After the novel Shy Girl by Mia Ballard was pulled from publication by US publishing giant Hachette earlier this month amid widespread accusations the author had used artificial intelligence, concerns about how the publishing world deals with the rapid rise of AI are now mounting just as fast.
According to reports, as much as 78 per cent of the novel could have been AI generated, sparking a row in which Ballard blamed an unnamed editor, but renewed debate about AI as an unstoppable force across the arts.
According to a report in The Guardian, an editor at one of the “big five” publishing houses said a “cold shiver went down my spine” when the Shy Girl story broke. “It really is a case of ‘there but for the grace of God go I,’” they said.
"It's huge", says Peter Cox, managing director of literary agency Redhammer Management.
He told The Independent: "It's enormously economically attractive [to publishers], especially if you produce genre fiction. You don't have to deal with messy, difficult authors who miss their deadlines by three months. You can just instruct Chat GPT to produce 80,000 words of romantasy and there you go."

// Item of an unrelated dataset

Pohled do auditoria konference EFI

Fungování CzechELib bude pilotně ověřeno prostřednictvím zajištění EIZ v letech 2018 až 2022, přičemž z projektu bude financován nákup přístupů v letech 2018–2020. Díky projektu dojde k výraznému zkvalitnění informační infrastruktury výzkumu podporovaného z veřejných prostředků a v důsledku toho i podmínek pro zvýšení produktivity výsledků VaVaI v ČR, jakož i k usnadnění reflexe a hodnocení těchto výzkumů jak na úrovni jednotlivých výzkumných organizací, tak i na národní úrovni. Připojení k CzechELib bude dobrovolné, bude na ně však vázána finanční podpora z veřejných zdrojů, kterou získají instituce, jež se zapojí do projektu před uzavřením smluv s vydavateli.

Mr Cox added that a number of songs in the iTunes at the moment have been created by AI.
"Why should publishing not do the same?" Cox said. "But I think that any publisher that actually jumps in and does that is going to face a major backlash from human authors.
"Many of us are too frightened to talk about it, but we all know that people are thinking about it. We've seen authorial income plummet by 50 per cent in the last five years or so. It is a threat there's no question about it."

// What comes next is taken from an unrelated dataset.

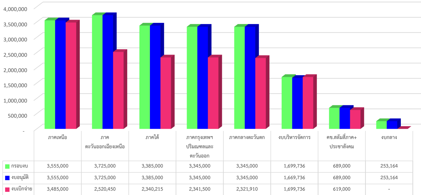
งบประมาณ และอนุมัติเบิกจ่ายโครงการพัฒนาคุณภาพชีวิตผู้มีรายได้น้อยในเมืองและชนบท ปี 2568 ประจำเดือนมิถุนายน 2568

The cancellation of Shy Girl now suggests these threats warrant increasing concern and that the use of AI in novel writing is becoming more common – and increasingly difficult to detect.
A spokesperson for the Society of Authors told The Independent the technology "is rapidly disrupting the UK’s £124.6bn creative sector, which supports more than 2.4 million jobs".

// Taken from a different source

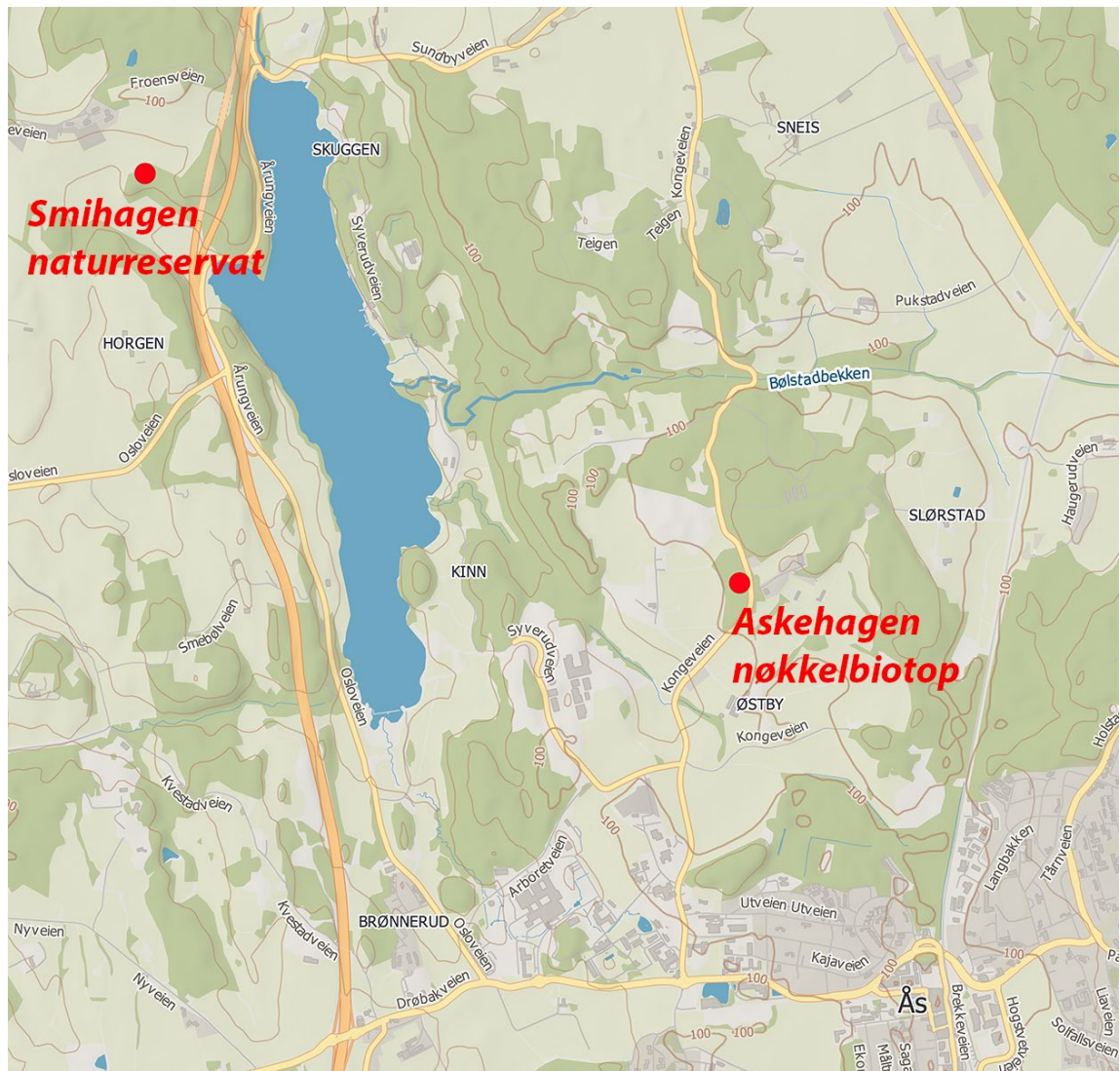
Figur 2. Lokalteter benyttet for test av attraktanter.

They said: "In 2026, the UK stands on the brink of losing an entire creative sector; one that brings not just jobs, money and global prestige, but also cultural currency, soft power and societal benefits, such as community cohesion, support for mental health and well-being, soft power and cultural heritage."
They added: "Our world-leading creative industries supercharge the UK’s national identity and global influence, connecting communities at home and abroad. The AI development race is opaque, unfettered and unregulated, and driven primarily by the profit motives of large corporations, despite some likely adverse impacts."
The organisation is now calling for government backing for new labelling that lets people know how work has been produced.
The use of AI in writing and other arts is often fiercely criticised by other writers and artists, not least because they fear the extent to which it will make them redundant. Last year Just over half (51%) of published novelists in the UK said they believed AI was likely to end up "entirely replacing their work as fiction writers", a University of Cambridge report found.
“This is the proof positive of what many of us have considered an issue, that this will happen, and now it has happened,” publishing industry consultant Thad McIlroy told The Times following the Shy Girl scandal.

Cox agreed, telling The Independent that the fate of the publishing industry remains "uncertain".
"Very cheap genre fiction produced by AI is attractive to some publishers, but the more sensible publishers will realise that readers relate to authors," he said
"Enlightened publishers will get behind their authors even more and strive to make a deeper connection between the brand of the author and the reader. But others won't, so we'll have to see how that goes."
There are also indications that the use of Large Language Models (LLMs) like Chat GPT, are leading to many more books being published, but crucially it's almost impossible to know beyond examining the numbers. In 2025 in the US, over 3.5 million books were self-published, a rise of 40 per cent from the 2.5 million in 2024, according to Bowker, which collects book industry data. Meanwhile traditional publishing houses put out around 642,000 books last year, according to The New York Times.
Using AI is a "slippery slope", Cox said, and can make potential authors lazier.
"Writing is hard in any case, especially fiction writing. The crucial thing it'll never do – and will discourage authors from moving in this direction – is voice. People connect to voice. Your authorial voice is everything. People spend their whole professional lives honing their voice to make it original and compelling.
"Chat GPT isn't going to do that. What you're going to do is produce increasingly superficial, meaningless sentences that sort of flow together, but actually don't communicate anything."
He added: "Let's not forget, writing is not an end unto itself. It's notation for human communication, like musical notation. It's that vital spark between one human and another and you can't simulate that with a machine, you just can't."